— Что стоишь?! Беги, догоняй! — подтолкнул меня одноклассник Саша Игнатов.
Что–то всколыхнулось во мне. Как стрела, выпущенная из туго натянутого лука, я рванулся за Тоней, забыв все придуманные слова, которые намеревался сказать ей. Запыхавшись, поровнялся, пошёл рядом. Внутри всё колыхалось, и какое–то время мы шли молча. На её пушистую шапку с ветки упал комок снега. Я торопливо и неуклюже смахнул его рукавицей.
— Ой, за шиворот попало! — взвизгнула она и чему–то счастливо засмеялась. Не прогнала меня, позволила нести свой портфель.
— Ну, вот, пришли. Моя хозяйка не спит, можно немного постоять, — просто сказала Тоня. Её глаза блестели в лунном сумраке. Белели ровные мелкие зубы, обнажаемые улыбкой. Мы стояли, молчали и смотрели друг другу в глаза.

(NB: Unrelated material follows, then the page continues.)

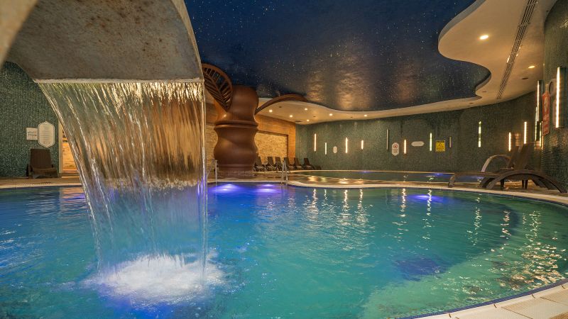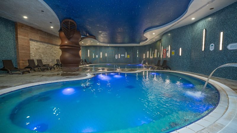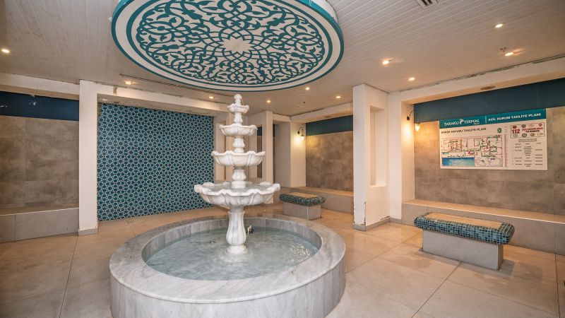 Sağlık kaynağı termal havuzlarımız, kadın ve erkek misafirlerimiz için ayrı olarak tasarlanmış 2’şer havuzdan oluşmaktadır. Havuzlarımız, 36-38°C ve 38-40°C sıcaklık seçenekleriyle hizmet vermektedir. Her iki havuzumuzda da sıcak su şelalesi bulunmakta olup, misafirlerimize sağlık ve rahatlama sunmaktadır.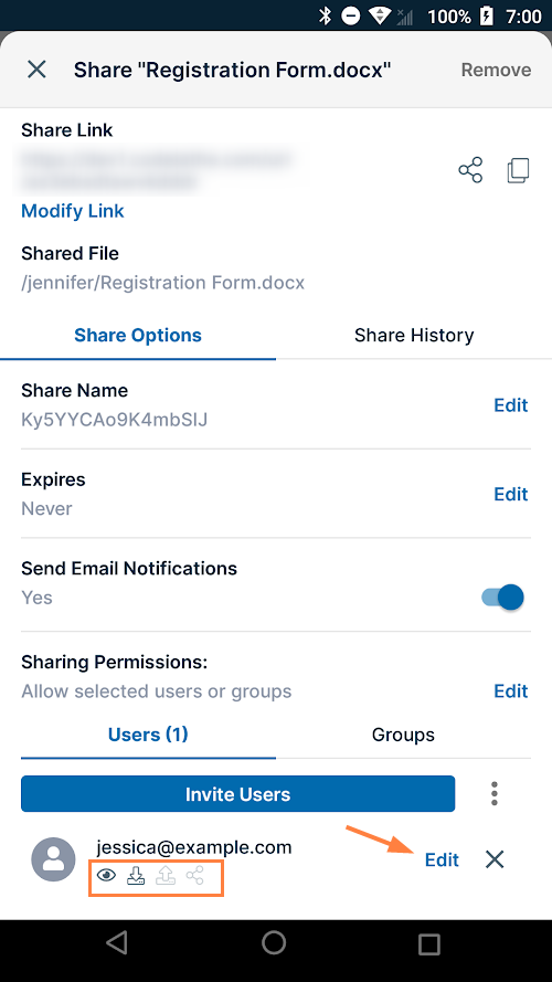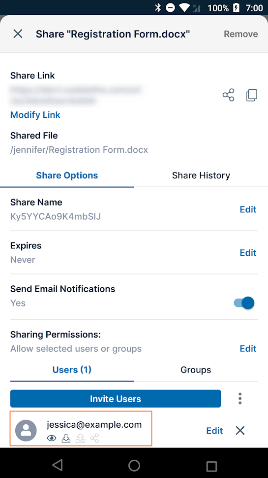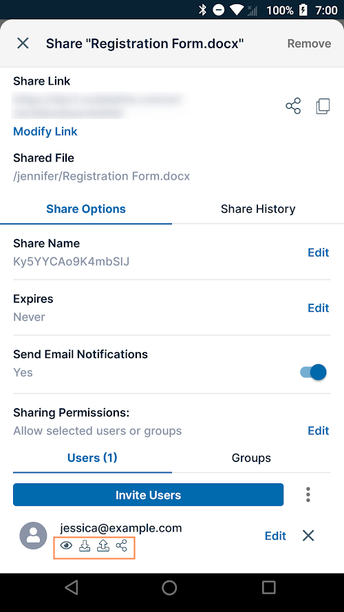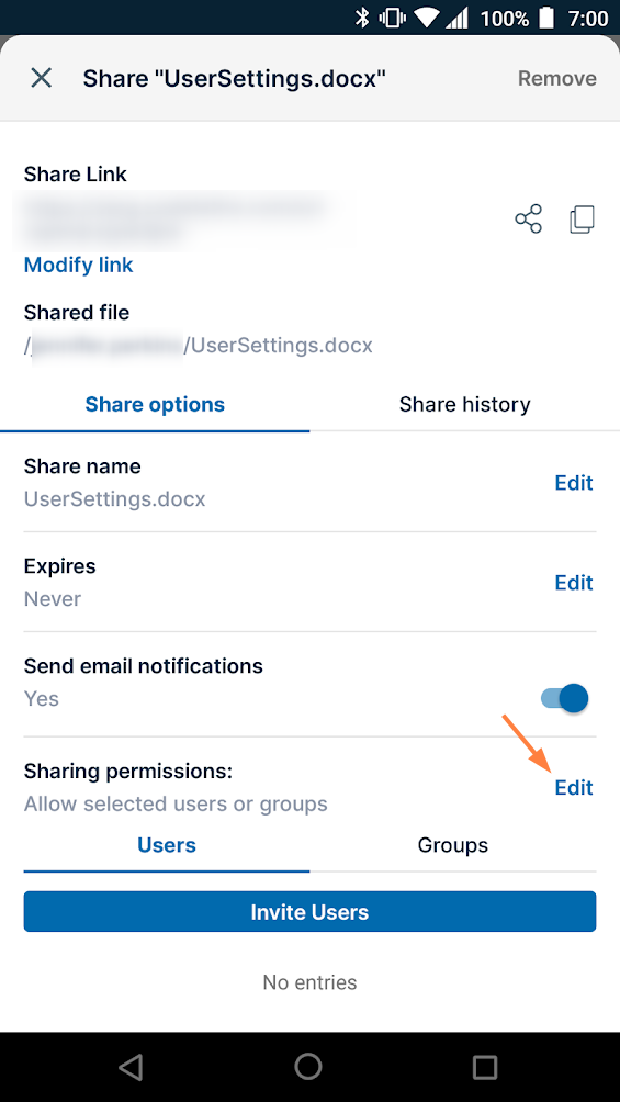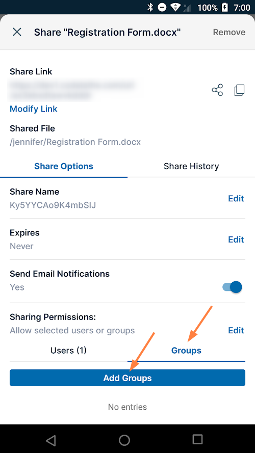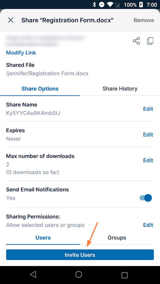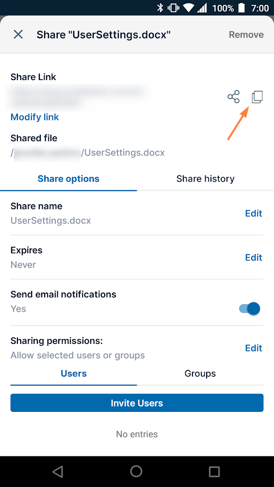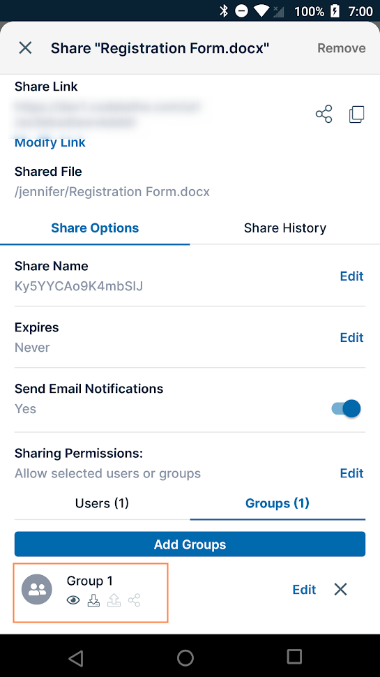 Tap Share. The file is automatically shared privately, and a screen for accessing share options and adding users and groups to the share opens.

— Ну, я пойду… Темно уже, — робко потянула Тоня свой портфель. Я придержал его. Рука её опустилась. Она не хотела уходить. Сердце моё бешено колотилось. Неожиданно для себя, я привлёк её к себе и поцеловал. Тоня не отстранилась. Изо рта её приятно пахло свежестью мятной конфетки, и я долго не отпускал губ, не тронутых помадой. Отрываясь от них, чтобы глотнуть воздуха, я вновь ловил раскрытый рот Тони. Громкие выдохи вырывались из него. Не помогал мне даже опыт целований с Танькой Клименковой. Мы чувствовали неловкость от неумелых поцелуев. Зажмуривали глаза, боясь взглянуть друг на друга.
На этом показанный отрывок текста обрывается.